9. The early inhabitants of Corinth were, according to the expression of Thucydides,[326] Æolians; and their traditions and religion show that they were very nearly connected with the Minyans of Iolcus and Orchomenus.[327] Their kings were the Sisyphidæ, whose genealogy closes with Hyantidas and Doridas. We find in the last name the same confusion which has been pointed out (amongst others) in the legend of Thessalus the son of Jason,[328] viz., that the arrival of a different nation was expressed by connecting the new comers genealogically with the heroes of the ruling race. Thus Doridas, i.e. the Dorians in a patronymic form, is the descendant of Sisyphus. Here begins the sovereignty of the Dorians; who, however, did not, as Pausanias[329] states, altogether expel the ancient inhabitants, but formed the aristocratic class of the new state.

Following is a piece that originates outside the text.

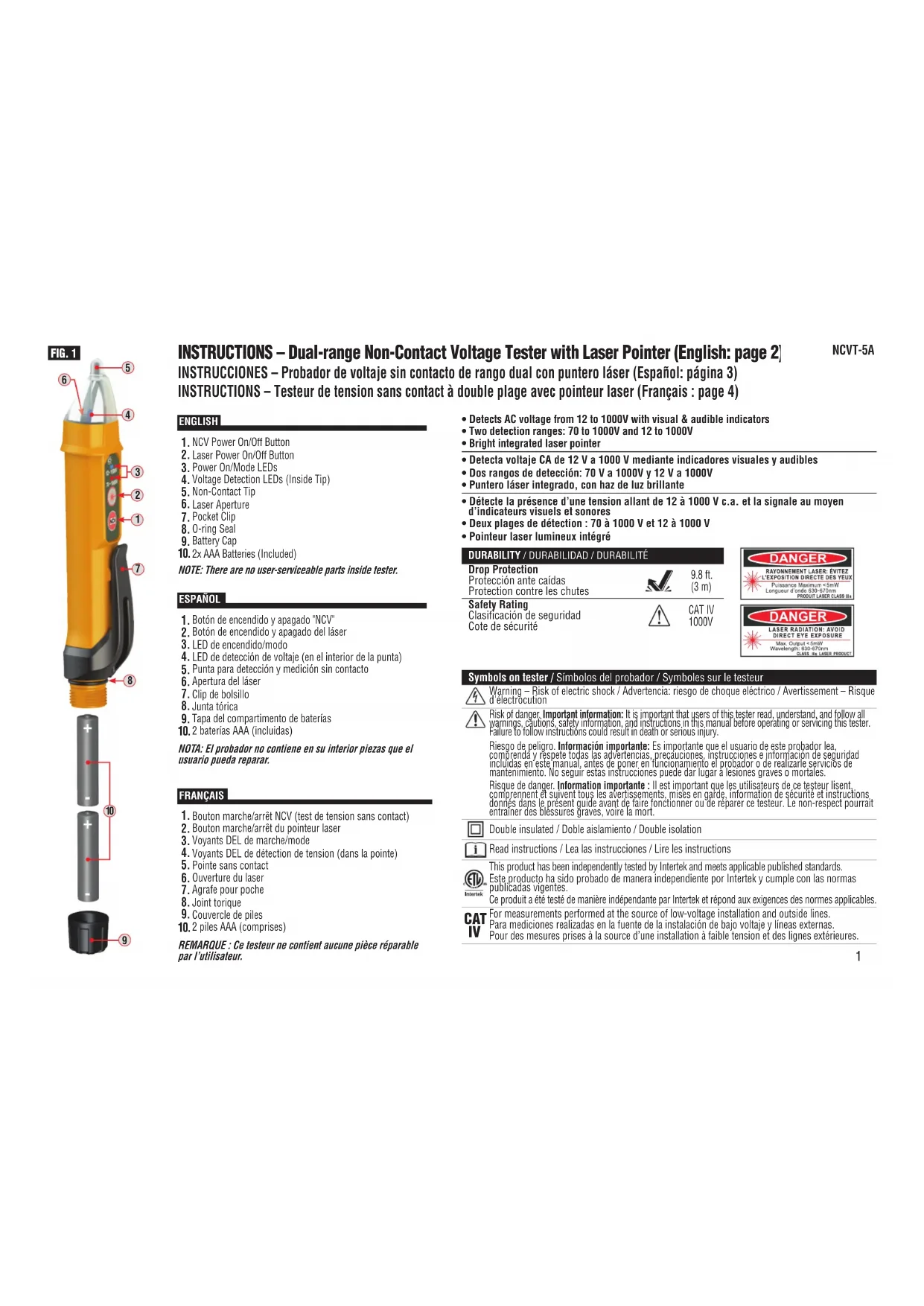 Bouton marche/arrêt NCV (test de tension sans contact) Bouton marche/arrêt du pointeur laser VoyantsDEL de marche/mode VoyantsDEL de détection de tension (dans la pointe) Pointe sans contact Ouverture du laser Agrafe pour poche Joint torique Couvercle de piles 2pilesAAA (comprises) REMARQUE: Ce testeur ne contient aucune pièce réparable par l’utilisateur.

Pindar and Callimachus, indeed, call the whole Corinthian nation Aletiadæ[330] but merely by a poetical license; the only lineal descendants of Aletes being the [pg 097] ruling house, the Bacchiadæ, from which for a long time were taken the kings and Prytanes of Corinth and all its colonies. There were, however, at Corinth distinguished families of a different origin. The family of Cypselus, which afterwards obtained possession of the tyranny, was, according to Herodotus, of the blood of the Lapithæ, and descended from Cæneus.[331] They came, according to Pausanias, from Gonusa, near Sicyon, to assist the Dorians against Corinth:[332] Aletes, however, at the advice of an oracle, at first refused to receive them, but presently admitted them into the city, where they afterwards overthrew his own descendants. We shall allow this narrative, which contains a post eventum prophecy of the tyranny of the Cypselidæ, to rest on its own merits, remarking only that the Cænidæ had more reason to assist the ancient Æolians than the Dorians; and shall merely infer from it the existence of distinguished families in Corinth not of Doric descent.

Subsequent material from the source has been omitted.